2011-08-28 Openleaks hints at WikiLeaks vulnerability, endangers sources [UPDATE 4 + Clarification]

According to Spiegel, a complete version of Cablegate has been available on the internet. This is their account of the story:

Julian Assange uploaded an encrypted archive containing Cablegate to the Wikileaks webserver, to share it with an associate, to whom he also gave the password. When Daniel Domscheit-Berg left the organization together with the Architect, he took the content of the webserver with him. He eventually returned some of the data a few weeks later.

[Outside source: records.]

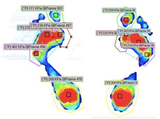 Indeed, pressures ranging from 200 kPa to 1000 kPa [8] have been proposed as predictive thresholds for ulceration in persons living with DM; specific values include 588 kPa [9] and 335 kPa [10]. It was also suggested that plantar pressure greater than 700 kPa is the threshold in screening patients who are at risk of developing diabetic foot ulceration [11]; it was also suggested that in the presence of a pre-ulcerative lesion, lack of in-shoe peak pressure below 200 kPa and “high barefoot dynamic peak plantar pressure” are risk factors for a pressure-related plantar ulcer [12].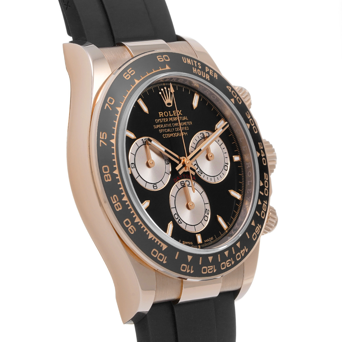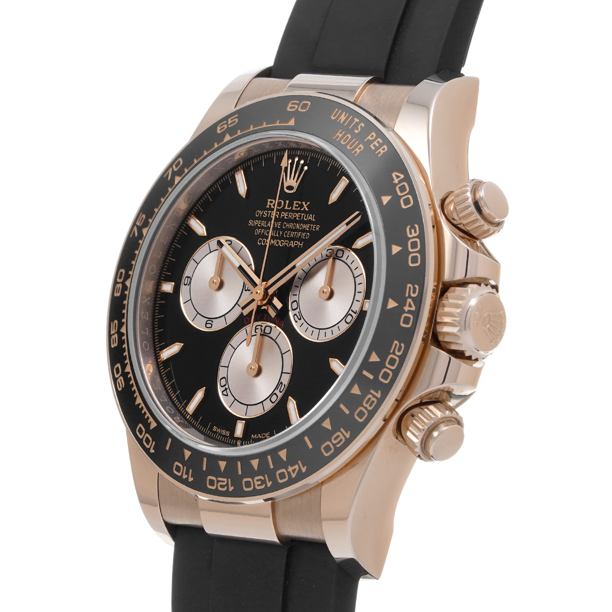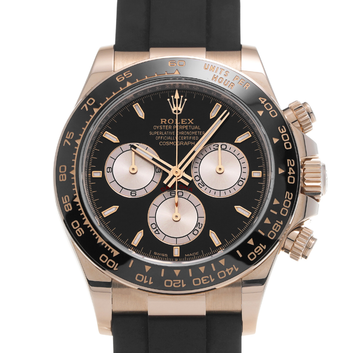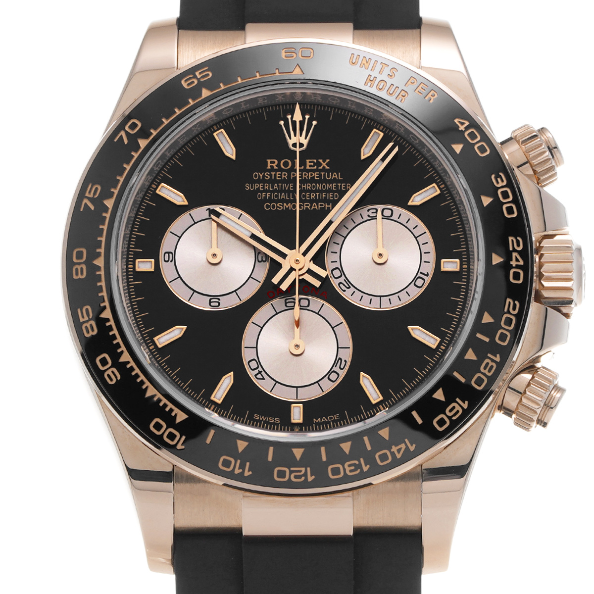 コメントコスモグラフ デイトナの、エバーローズゴールドケースにオイスターフレックスブレスレットやセラクロムベゼルを採用したスポーティーなバリエーションです。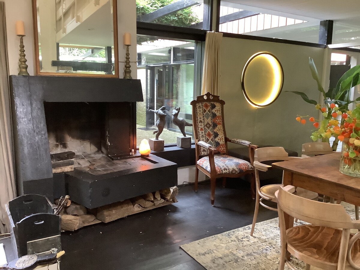 ¿Fin de semana familiar o vacaciones de verano en un pueblo histórico de artistas nobles en bosques? 9 personas, amplia sala de estar con chimenea, loft/sala de juegos de TV, enorme jardín, lote de 2500 m2, columpio, a 100 metros del club de tenis hotel Lauswolt, galerías, a 30 minutos de los lagos de Frisia. Bicicletas en alquiler en el centro de la ciudad.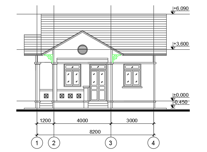 The front side elevation view of the 8x9m house building CAD drawing is given in this file. This is a single story house building. The height of the building up to roof level is 6.09m. The living room, kitchen, dining area, master bedroom, kid’s room, and common bathrooms are available. For more details download the AutoCAD drawing is given in this file.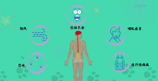 狂犬病通常分为“躁狂型”和“麻痹型”两种类型。狂躁型:大部分病人都是狂躁型,表现为极度恐惧、恐水、怕风、咽肌痉挛等。麻痹型:主要表现为肌肉瘫痪、意识模糊等,易被误诊或延误诊断。

At this point the narrative is not entirely clear. Spiegel goes on to say that supporters published the data on the web, along with the encrypted Cablegate file. Simultaneously, the associate published the password. The vulnerability remained unnoticed, until Openleaks staff pointed it out.

WL Central could not verify these claims. It is however clear that the vulnerability was first pointed out by Der Freitag, a media partner of Openleaks.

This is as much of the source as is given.